BACKGROUND: Ectodermal dysplasia is an inherited disease causing malformations of all tissues originating from the ectoderm. The significance of this disease lies in severe hypodontia, and an accompanying hypoplasia of the alveolar process. The clinical situation is aggravated by a significant xerostomia. It was the aim of this study to document the distribution of hypodontia and tooth malformation. Furthermore, we aimed to elucidate the clinical impact of these findings. PATIENTS AND METHODS: Records of 30 patients (19 males, 11 females) suffering from ectodermal dysplasia were included. Their age ranged between 7 and 23 years. All patients had been examined clinically and radiographically. In every patient, a record was made of which teeth were missing or malformed, and which deciduous teeth persisted. Additionally, the entire treatment procedure was assessed. RESULTS: The third molars were missing in all of the patients. The number of aplastic permanent teeth ranged from 2 to 26. The maxillary lateral incisors were most frequently absent, followed by the mandibular central incisors.

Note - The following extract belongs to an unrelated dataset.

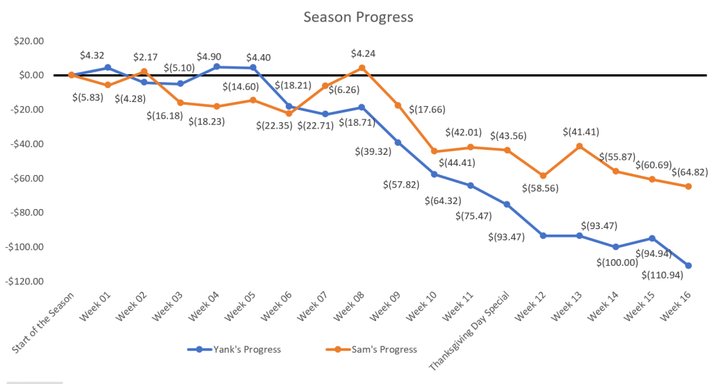 There’s not a lot to write home about from last week, but we are excited to finish this marathon slog through bad picks and bad breaks. Week 17, here we come!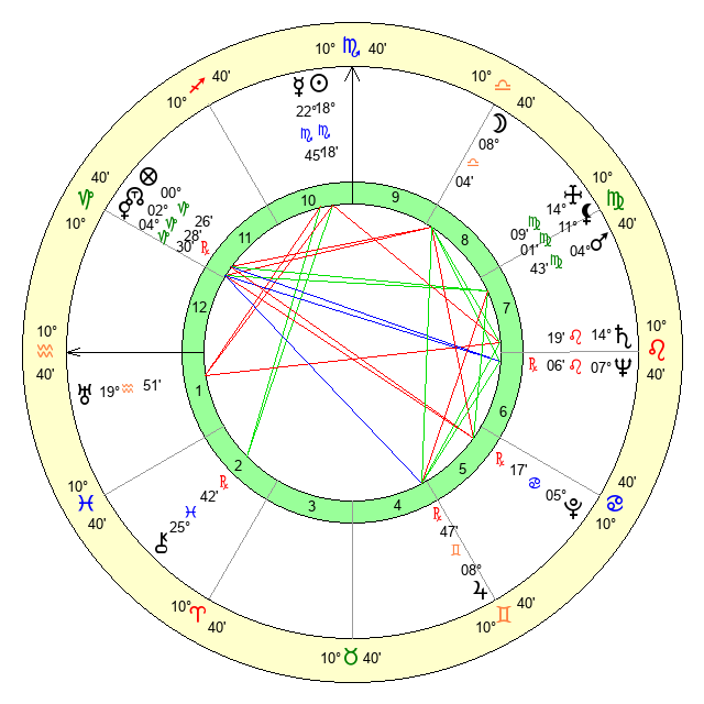 | Mars | 4 Virgo 43 | 2 Leo 14 | 29 Virgo 52 |

The most stable teeth were the central incisors of the upper jaw, and the canines and first molars in both jaws. However, the maxillary central incisors and canines were the teeth most affected by malformation. Deciduous canines and second molars were the most often persisting teeth due to agenesis of the maxillary lateral permanent incisors and mandibular second premolars. In two-thirds of the patients, missing teeth were replaced by removable dentures. Half of the patients received orthodontic treatment. CONCLUSIONS: Hypodontia and malformation are almost regular dental characteristics in patients suffering from ectodermal dysplasia. The distribution of absent teeth deviates remarkably from the general population. Treatment requires an interdisciplinary approach including orthodontics, prosthodontics and oral surgery.